LA TIMES: Future uncertain for students caught up in Corinthian’s collapse

Career College Central Summary:

  • Tiffany Johnson wishes that she could put Heald College behind her and get a fresh start elsewhere.
  • But as one of tens of thousands of students caught up in the collapse of Corinthian Colleges Inc., her options are bleak: Continue pursuing what she believes will be a worthless credential, or drop out with nearly $26,000 in debt.
  • "I feel like I'm just stuck," said Johnson, 26, a medical assisting student at Heald College-Hayward in the East Bay. "I have no choice. I'm going to have to finish."
  • Orange County-based Corinthian Colleges is preparing to sell off the bulk of its schools amid federal and state investigations. Meanwhile, students at nearly 85 schools across the country have been in a months-long limbo as the for-profit college company and the U.S. Department of Education sought buyers who could ensure a proper transition.

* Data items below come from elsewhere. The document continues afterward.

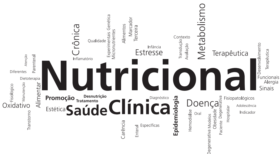
Figura 3. Nuvem de palavras dos grupos de pesquisa cujo nome explicita sua abordagem clínico-nutricional, em 2014, no Brasil.

O paciente se configura como um sujeito assujeitado, colocado na condição de objeto de
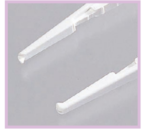
有鉤タイプ (滅菌Mセッシ)
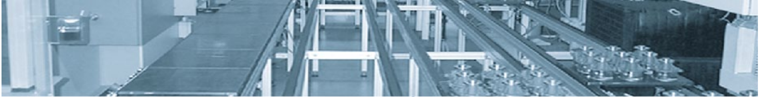
APA GmbH Anlagen- & Produktionsmaschinenbau
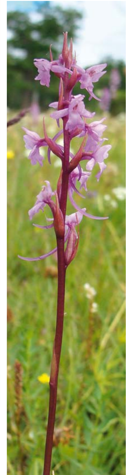
Langakset trådspore er nu også forsvundet fra sit sidste kendte voksested, Urup Dam. Tidligere fandtes den flere steder i kommunen. Arten er helt afhængig af afgræsning og høslæt.
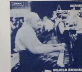
WILHELM BACKHAUS con LA ORQ. FILARMONICA DE VIENA - DIR.: KARL BOHM: Concierto Nº 2 en Si Bemol Mayor, Op. 83 (Para piano y Orq.) (Brahms). London LLC y SLCC 18086
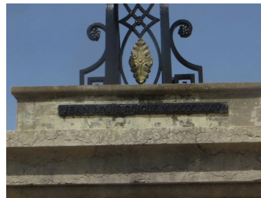
Inscription rapportée en haut du piédestal, sous la croix IVR84_20216900586NUCA

  • Corinthian and the Education Department announced a deal last week that would allow a nonprofit student loan servicer to purchase 56 of the company's schools for $24 million. Corinthian is still looking to sell nearly three dozen other schools, most of which are in California.
  • Many students say they would prefer to start over and have their loans forgiven. Advocacy groups question why the Education Department hasn't given students such an option.
  • "In this entire process, students have had very, very little to say about what happens to them," said Robyn Smith, a former deputy attorney general in California who now works with the National Consumer Law Center. "I'm sure there are quite a few students who want to finish and continue, but quite a few other students don't want to continue at a company that is offering a questionable education."